US automotive parts firm Dana has rejected a final $US2.7 billion bid from rival ArvinMeritor, citing fundamental antitrust barriers and substantial financial risks. Shortly after, ArvinMeritor put an end to one of the year's most bitter hostile takeover battles. Despite its commitment to the takeover, ArvinMeritor will now have to look for other ways to grow in the static automotive market.

On Sunday, November 23, automotive parts manufacturer ArvinMeritor terminated its bid for rival Dana, following Dana's board's unanimous rejection of the latest offer. Questions about ArvinMeritor's ability to finance the proposal and antitrust issues relating to the two companies' dominance in truck parts contributed to Dana's refusal. Dana's board added the offer was not in the best interests of its shareholders.

ArvinMeritor has been committed to this takeover since its first bid last July. The acquisition of Dana, the US-based automotive parts manufacturer, was an important part of ArvinMeritor's growth strategy. It would have helped ArvinMeritor to broaden its product portfolio, as well as lowering the overhead costs of the combined entity.

However, Dana rejected the original bid several times in the past six months. Dana has recently performed better than ArvinMeritor, and has been restructuring itself. In 2002, Dana posted sales of $9.5 billion, while ArvinMeritor only posted $6.9 billion in the same period.

ArvinMeritor indicated that it is not in the best interests of its own shareholders "to continue expending valuable corporate resources for an indeterminate period of time" and announced that it will focus on an "organic growth strategy".
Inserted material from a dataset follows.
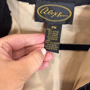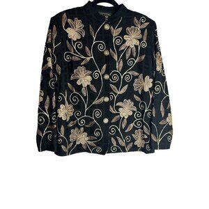 Vtg Alex Kim Black Textured Jacket Sparkly Buttons Beadwork Embroidery Floral M
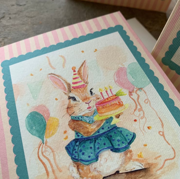 The design shows a bunny dressed up for a party, holding a carrot cake with candles in it, surrounded by balloons and bunting int he background – perfect for Birthday, anniversaries, celebration card or even as an invitation.

Over the past few years there has been an unprecedented number of mergers and acquisitions within the automotive industry, resulting in nearly 100 global automotive parts manufacturers today. This merger wave has been fuelled by overcapacity in the market, consolidation of supply sources by the big three vehicle manufacturers, and pressures to increase shareholder value.

ArvinMeritor is one of many companies seeking to grow in a static market through acquisitory behaviour. It will now have to seek other low cost alternatives to increase profits and grow, such as entering new markets through joint ventures.